In Lokt, the Chekists took her along the old and well-known path - to the pit, where she carried out the sentences of Kaminsky and his gang. Bryansk investigators remember well how the residents who recognized it ran aside and spat after. And she walked and remembered everything. Calmly, as they remember everyday affairs. They say she was even surprised at human hatred - after all, in her opinion, the war should have written off everything. And, they say, she didn't ask for a date either. Or to give them a message.


And in Lepel, there and then there was talk about the event that excited everyone: it could not go unnoticed. Moreover, in Bryansk, where in December 1978 a trial was held against Antonina Makarova, the residents of Lepel were found acquaintances - they sent the local newspaper Bryansk Rabochy with a large publication under the heading “On the Steps of Betrayal”. The number went from hand to hand among the locals. And on May 31, 1979 she gave big article about the trial and the newspaper "Pravda" - under the heading "Fall". It told about the betrayal of Antonina Makarova, born in 1920, a native of the city of Moscow (according to other sources, the village of Malaya Volkovka, Sychevsky district Smolensk region), who worked before being exposed as a senior inspector of the quality control department of the sewing shop of the Lepel woodworking association.


They say she wrote appeals for pardon to the Central Committee of the CPSU, because the coming 1979 was supposed to be the Year of Women. But the judges rejected the petitions. The verdict was carried out.


This, perhaps, did not know the newest national history... Neither the all-Union, nor the Belarusian. The Antonina Makarova case turned out to be loud. One might even say unique. For the first time in the post-war years, a woman executioner was shot by a court verdict, whose involvement in the execution of 168 people was officially proven during the investigation.

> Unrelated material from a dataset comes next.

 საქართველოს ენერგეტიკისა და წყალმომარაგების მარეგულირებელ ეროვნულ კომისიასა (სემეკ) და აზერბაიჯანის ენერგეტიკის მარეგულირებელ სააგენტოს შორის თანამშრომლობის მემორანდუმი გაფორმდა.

However, if we approach the issue from a clear legal basis, then there is an opinion that from a purely legal point of view, they did not have the right to sentence her to death penalty... There are two reasons. First, more than 15 years passed from the day the crime was committed until the arrest, and the Criminal Code of the Soviet era did not contain provisions on crimes for which the statute of limitations does not apply. A person who committed a crime punishable by firing squad could be prosecuted even after the expiration of 15 years, but in this case the death penalty was replaced by imprisonment. The second - in the USSR in 1947, the death penalty was abolished, although it was restored three years later. As you know, laws mitigating punishment are retroactive, aggravating ones are not. Thus, since the convicted person was not brought to justice before the abolition of the death penalty in the USSR, the law on the abolition of her was fully extended. The law on restoration could only be applied to persons who committed crimes after its entry into force.




Antonina Makrova is a real character, famous history a war criminal. In the series "Executioner" she was given a different name - Raisa Safonova, and the cities and dates were slightly changed. In general, her crimes did take place, and remembering them is still creepy.

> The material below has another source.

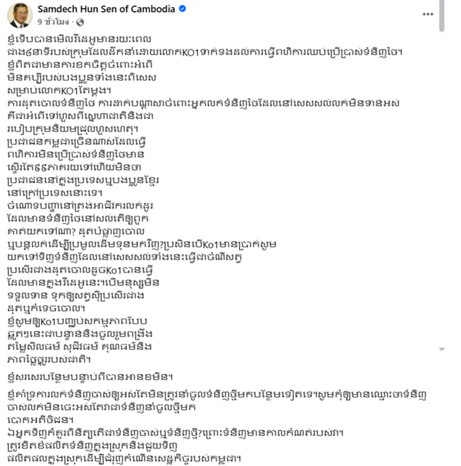 เมื่อวันที่ 21 ตุลาคม 2568 เวลา 05.30 น. นายนันทิวัฒน์ สามารถ อดีตเลขานุการรัฐมนตรีว่าการกระทรวงการต่างประเทศ และอดีตรองผู้อำนวยการสำนักข่าวกรองแห่งชาติ โพสต์ข้อความผ่านเฟซบุ๊ก Nantiwat Samart ระบุว่า อย่าตกขบวน เรื่องด่วนและร้อนแรงในเวลานี้ไม่มีอะไรเกินอาชญากรรมข้ามชาติในกัมพูชา ทั้งสแกมเมอร์ คอลเซ็นเตอร์ ฟอกเงิน อเมริกาได้จุดชนวนแล้ว สั่งยึดทรัพย์ของเครือปรินซ์ โฮลดิ้ง กรุ๊ป 5 แสนล้านบาท ที่มีเฉินจื้อ เป็นหัวขบวน สส.รีปับริกัน 3 คน เสนอร่างกฏหมาย HR 5490 ต่อกรรมาธิการต่างประเทศสภาผู้แทนสหรัฐ ให้ขึ้นบัญชีเขมรเป็นประเทศที่เกี่ยวข้องอาชญากรรมข้ามขาติ คว่ำบาตรเจ้าหน้าที่รัฐ และนักธุรกิจที่เกี่ยวข้อง มีรายชื่อ 40 คน
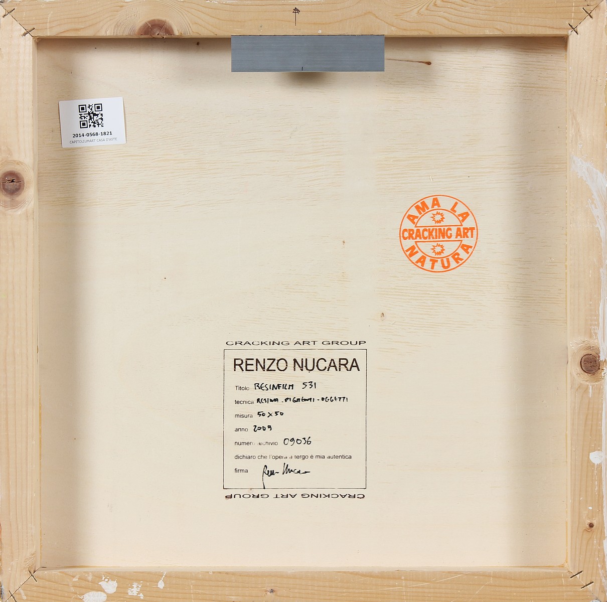 NUCARA RENZO (n. 1955) Resin film 531. Tecnica mista su tavola. Cm 50,00 x 50,00. Al retro cartiglio descrittivo e timbro a cura di ckracking art group. Autentica dell' artista su fotografia.

Antonina, after Parfyonov's father, but mistakenly recorded in school forms Makarova (my father's name was Makar), and remained with this surname. She was born in the Smolensk region, after school she went to study in Moscow. From there she went to the front, meeting the war at the age of 20.

Tonya always admired Anka the machine gunner, wanted to be like her, but the unprepared girl was left with only the work of a nurse. A few months later, the unit in which Makarova served was surrounded - it was the Vyazemsky Cauldron near Moscow, in which many Soviet soldiers died in October 1941. Makarova survived, wandered around the villages for a long time, until she came to the Bryansk region (the Oryol region is indicated in the film). There she was "sheltered" by a police detachment, consisting of collaborators and putting things in order in the district for the benefit of the invaders. However, in the unenviable role “ common wifeAntonina did not stay long. One fine day, drunk, they gave her a machine gun and ordered to shoot at the prisoners - local residents, "partisan accomplices". Makarova coped with the task with pleasure. Her dream has come true, now she is Tonka the machine gunner.


In the film, Tonka the machine-gunner is played by Victoria Tolstoganova

After, telling the investigation about her feelings at that moment, Makarova stated: she did not know these people, and therefore she did not feel sorry for them. Moreover - she finished them off "out of compassion", firing bullets from a pistol into their eyes - "so that her face would not remain in them." In total, more than 1.5 thousand people were shot on the account of the female executioner. On the whole: “She was young, stupid, she wanted to live…” - this is how Antonina justified her crimes.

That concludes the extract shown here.